# LLMuxer
[](https://pypi.org/project/llmuxer/)
[](https://www.python.org/downloads/)
[](https://opensource.org/licenses/MIT)
[](https://github.com/mihirahuja1/llmuxer/actions)
[](https://codecov.io/gh/mihirahuja1/llmuxer)
[](https://pepy.tech/project/llmuxer)
[](https://github.com/mihirahuja1/llmuxer/stargazers)
**Find the cheapest LLM that meets your quality bar** *(Currently supports classification tasks only)*
## Quick Start
[](https://colab.research.google.com/github/mihirahuja1/llmuxer/blob/main/examples/quickstart.ipynb)
```python
import llmuxer
# Example: Classify sentiment with 90% accuracy requirement
examples = [
{"input": "This product is amazing!", "label": "positive"},
{"input": "Terrible service", "label": "negative"},
{"input": "It's okay", "label": "neutral"}
]
result = llmuxer.optimize_cost(
baseline="gpt-4",
examples=examples,
task="classification", # Currently only classification is supported
options=["positive", "negative", "neutral"],
min_accuracy=0.9 # Require 90% accuracy
)
print(result)
# Takes ~30-60 seconds for small datasets, ~10-15 minutes for 1k samples
```
### Example Output
```python
{
"model": "anthropic/claude-3-haiku",
"accuracy": 0.92,
"cost_per_million": 0.25,
"cost_savings": 0.975, # 97.5% cheaper than GPT-4
"baseline_cost_per_million": 10.0,
"tokens_evaluated": 1500
}
```
## The Problem
You're using GPT-4 for classification. It works well but costs $20/million tokens. Could GPT-3.5 do just as well for $0.50? What about Claude Haiku at $0.25? Or Llama-3.1 at $0.06?

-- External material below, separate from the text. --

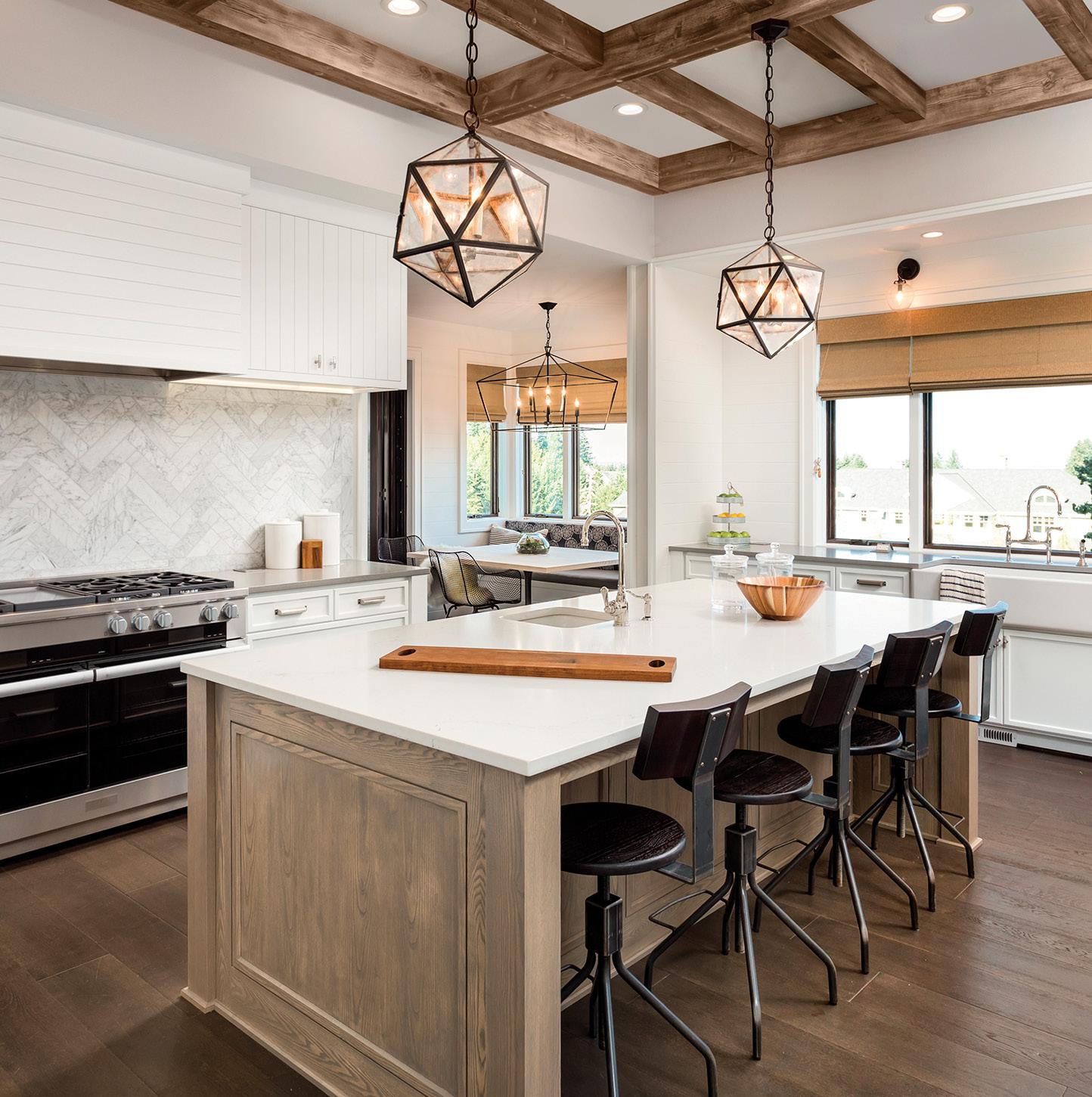 A design feature all their own, lighting fixtures like chandeliers or pendants over the kitchen table or center island can instantly elevate your kitchen’s look and feel. For a sleek, modern aesthetic, consider polished chrome finishes; think brass or brushed nickel for warmth; or opt for matte black for stunning contrast. Remember to look for fixtures in finishes that complement your appliances and cabinet hardware to truly bring the space together.

**LLMuxer automatically tests your classification task across 18 models to find the cheapest one that maintains your required accuracy.**
## How It Works
```
Your Dataset → LLMuxer → Tests 18 Models → Returns Cheapest That Works
↓
Uses OpenRouter API
(unified interface)
```
LLMuxer:
1. Takes your baseline model (e.g., GPT-4) and test dataset
2. Evaluates cheaper alternatives via OpenRouter
3. Returns the cheapest model meeting your accuracy threshold
4. Shows detailed cost breakdown and savings
## Installation
### Prerequisites
- Python 3.8+
- [OpenRouter API key](https://openrouter.ai/keys) (for model access)
### Install
```bash
pip install llmuxer
```
### Setup
```bash
export OPENROUTER_API_KEY="your-api-key-here"
```
## Key Features
- **18 models tested** - OpenAI, Anthropic, Google, Meta, Mistral, Qwen, DeepSeek
- **Smart stopping** - Skips smaller models if larger ones fail
- **Cost breakdown** - See token counts and costs per model
- **Fast testing** - Use `sample_size` to test on subset first
- **Simple API** - One function does everything
- **Classification only** - Support for extraction, generation, and binary tasks coming in v0.2
## Benchmarks
### Tested Models
*Live pricing data from OpenRouter API (updated automatically):*
| Provider | Models | Price Range ($/M tokens) |
|----------|--------|--------------------------|
| OpenAI | gpt-4o-mini, gpt-3.5-turbo | $0.75 - $2.00 |
| Anthropic | claude-3-haiku | $1.50 |
| DeepSeek | deepseek-chat | $0.90 |
| Mistral | 3 models | $0.08 - $8.00 |
| Meta | llama-3.1-8b-instruct, llama-3.1-70b-instruct | $0.04 - $0.38 |
**Total: 9 models across 5 providers**
### Reproduce Our Benchmarks
```bash
# Test all 9 models on Banking77 dataset
python scripts/prepare_banking77.py
python examples/banking77_test.py
```
**Expected Results:** Most models achieve 85-92% accuracy on Banking77. Claude-3-haiku typically provides the best accuracy/cost ratio for classification tasks.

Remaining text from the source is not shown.